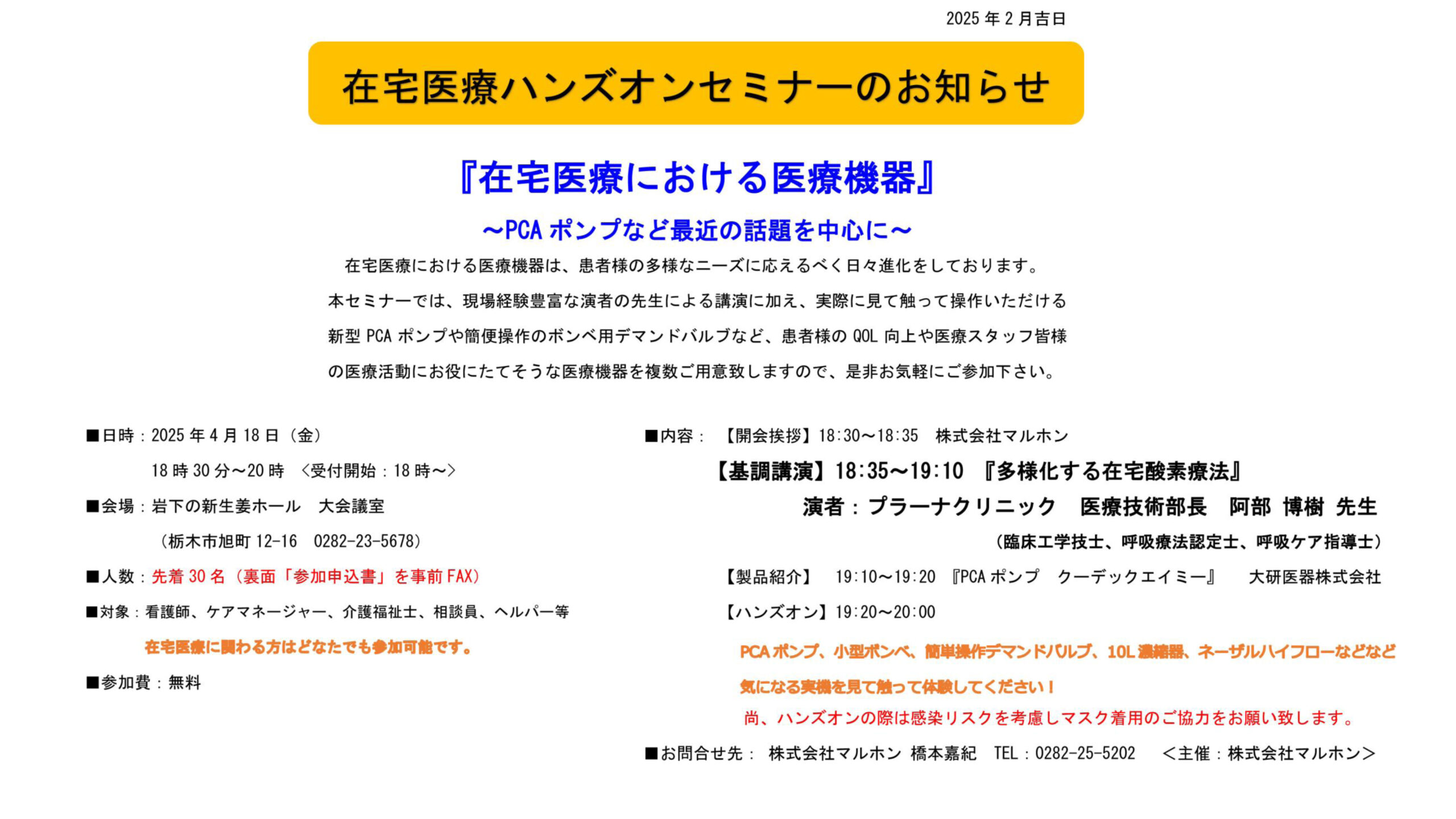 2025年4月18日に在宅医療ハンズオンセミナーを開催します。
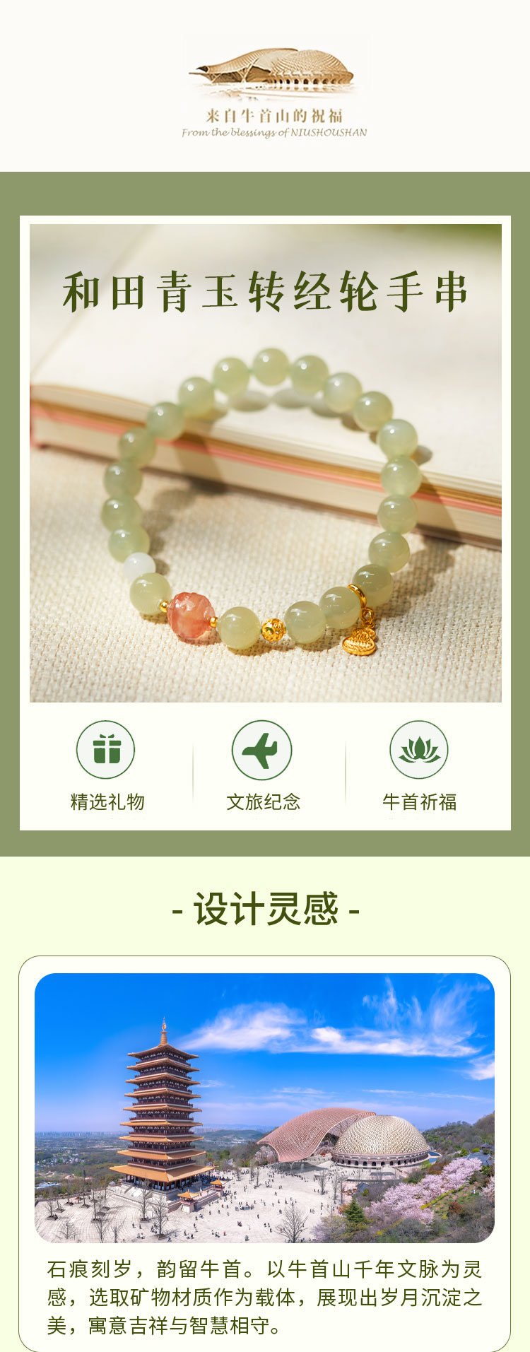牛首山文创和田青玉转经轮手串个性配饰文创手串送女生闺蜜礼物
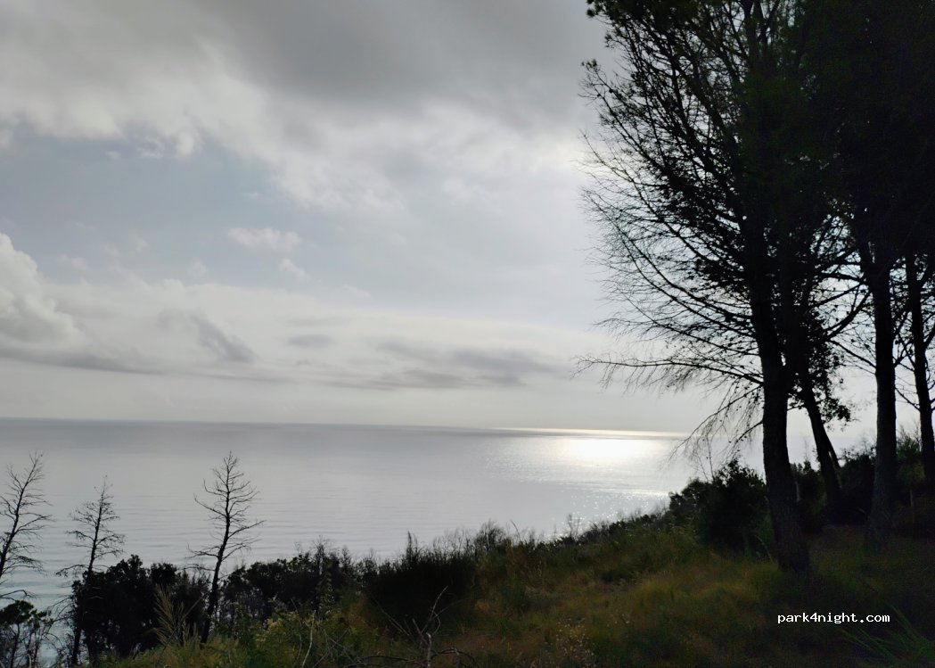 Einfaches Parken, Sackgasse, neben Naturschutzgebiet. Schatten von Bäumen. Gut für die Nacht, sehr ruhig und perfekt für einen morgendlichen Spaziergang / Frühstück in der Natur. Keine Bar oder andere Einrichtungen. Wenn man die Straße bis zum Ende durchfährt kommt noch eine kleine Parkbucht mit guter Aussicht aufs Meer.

...

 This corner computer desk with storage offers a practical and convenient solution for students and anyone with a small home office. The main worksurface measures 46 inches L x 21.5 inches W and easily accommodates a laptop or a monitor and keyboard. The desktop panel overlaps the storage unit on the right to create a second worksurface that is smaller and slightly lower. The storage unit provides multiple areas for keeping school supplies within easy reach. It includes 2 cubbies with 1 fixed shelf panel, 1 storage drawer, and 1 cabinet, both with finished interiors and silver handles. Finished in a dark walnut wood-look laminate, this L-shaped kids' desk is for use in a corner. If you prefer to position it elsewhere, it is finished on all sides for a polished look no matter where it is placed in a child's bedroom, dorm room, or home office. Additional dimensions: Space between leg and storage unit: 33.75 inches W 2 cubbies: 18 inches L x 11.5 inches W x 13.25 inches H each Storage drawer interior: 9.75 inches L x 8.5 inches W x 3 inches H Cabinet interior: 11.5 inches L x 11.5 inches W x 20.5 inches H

...

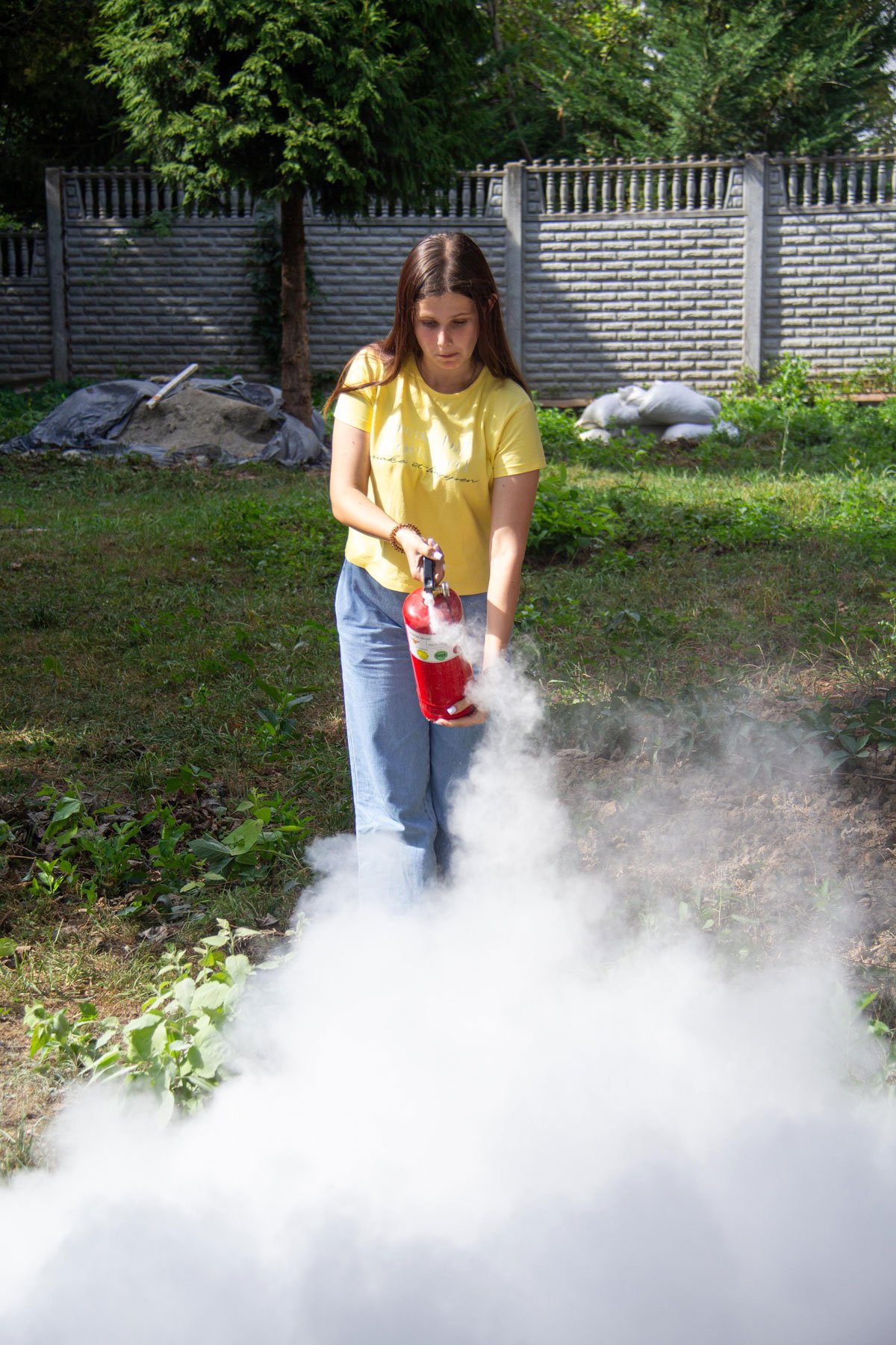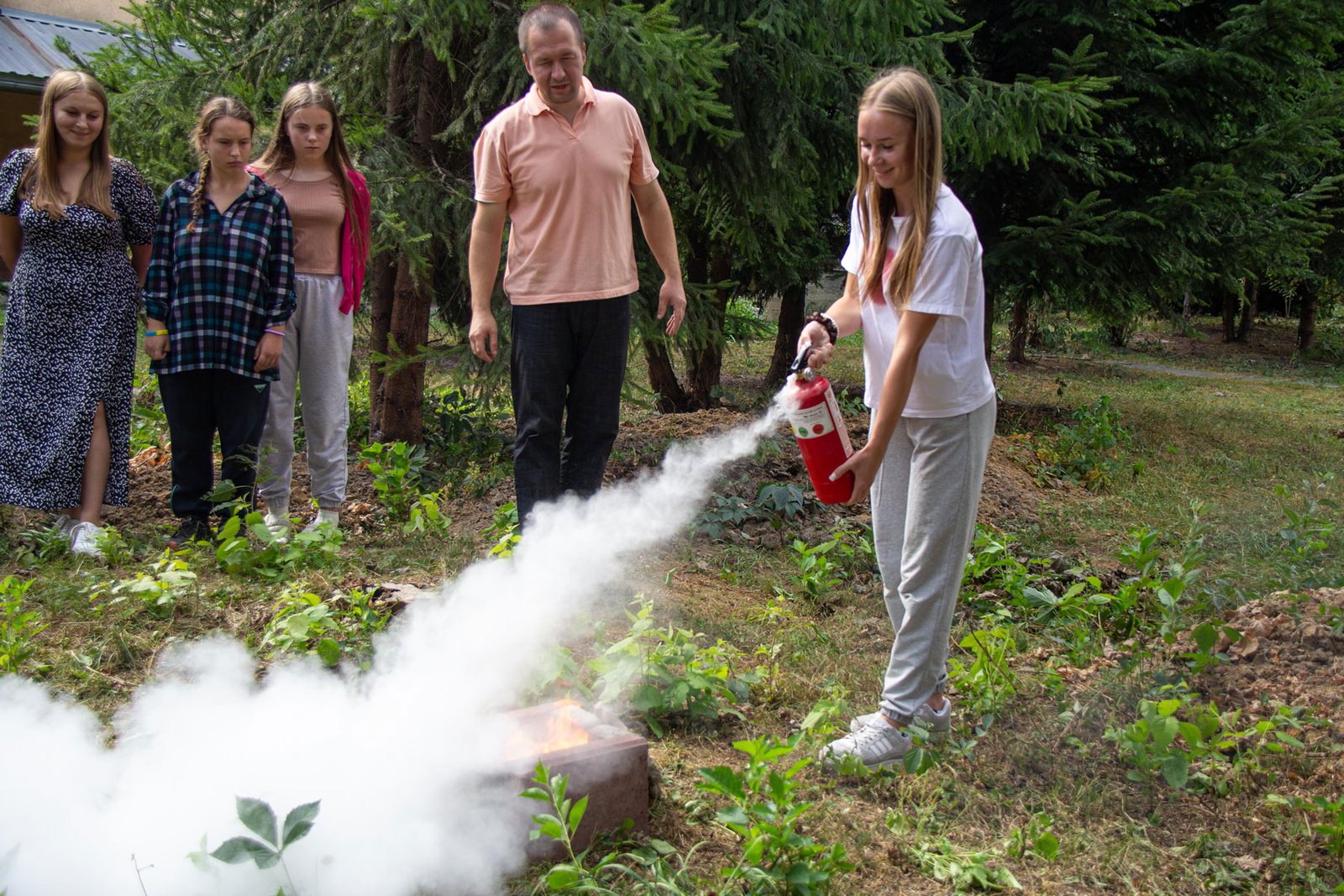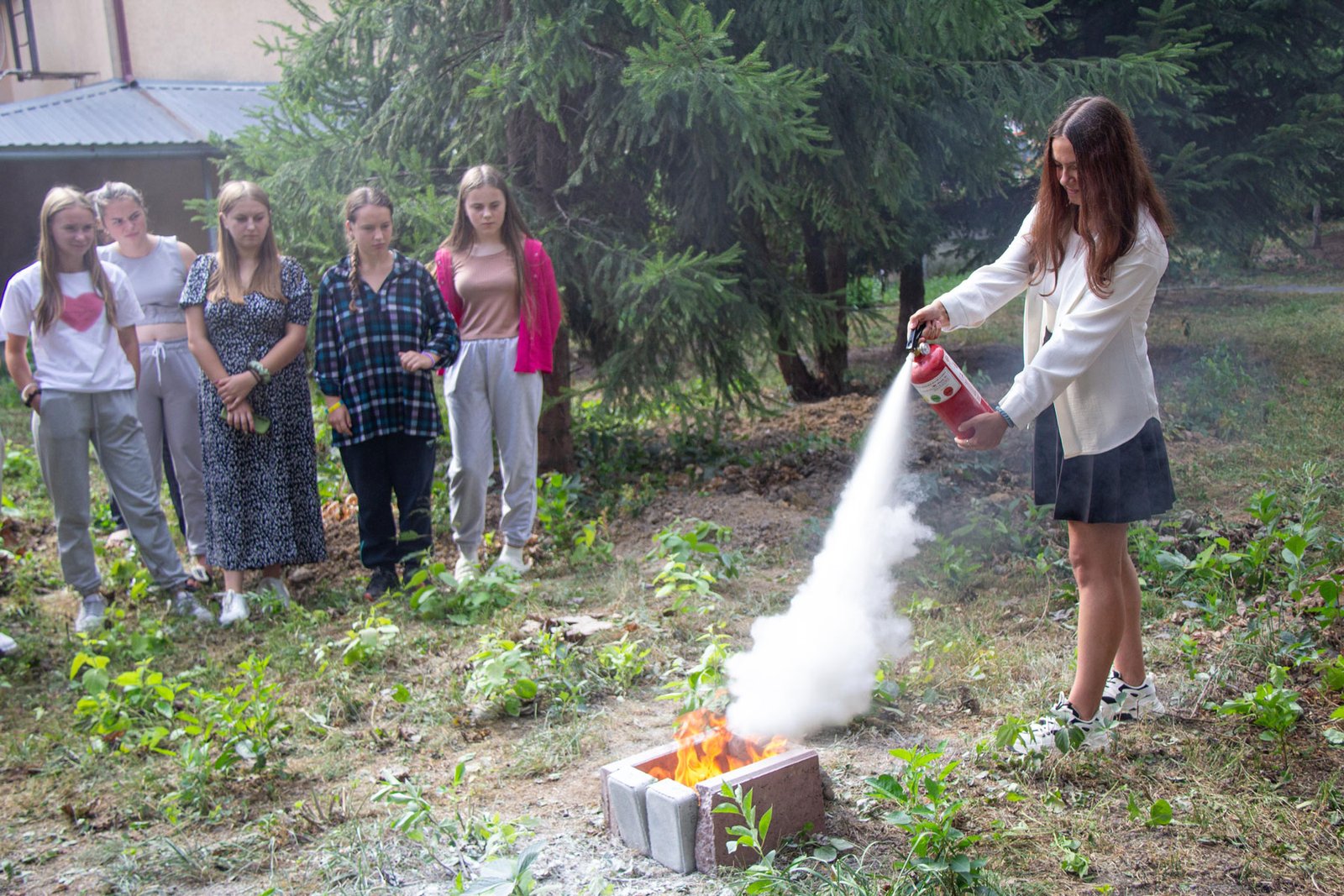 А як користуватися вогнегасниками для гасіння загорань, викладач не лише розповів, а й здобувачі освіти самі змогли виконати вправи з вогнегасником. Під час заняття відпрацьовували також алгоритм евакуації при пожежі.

DIRECTIONS:
Transcribe only the lines above that start at the line containing "牛首山文创和田青玉转经轮手串个性配饰文创手串送女生闺蜜礼物" and end at the line containing "Einfaches Parken, Sackgasse, neben". Omit pictures.

PROBLEM SOLUTION:
牛首山文创和田青玉转经轮手串个性配饰文创手串送女生闺蜜礼物
 Einfaches Parken, Sackgasse, neben Naturschutzgebiet. Schatten von Bäumen. Gut für die Nacht, sehr ruhig und perfekt für einen morgendlichen Spaziergang / Frühstück in der Natur. Keine Bar oder andere Einrichtungen. Wenn man die Straße bis zum Ende durchfährt kommt noch eine kleine Parkbucht mit guter Aussicht aufs Meer.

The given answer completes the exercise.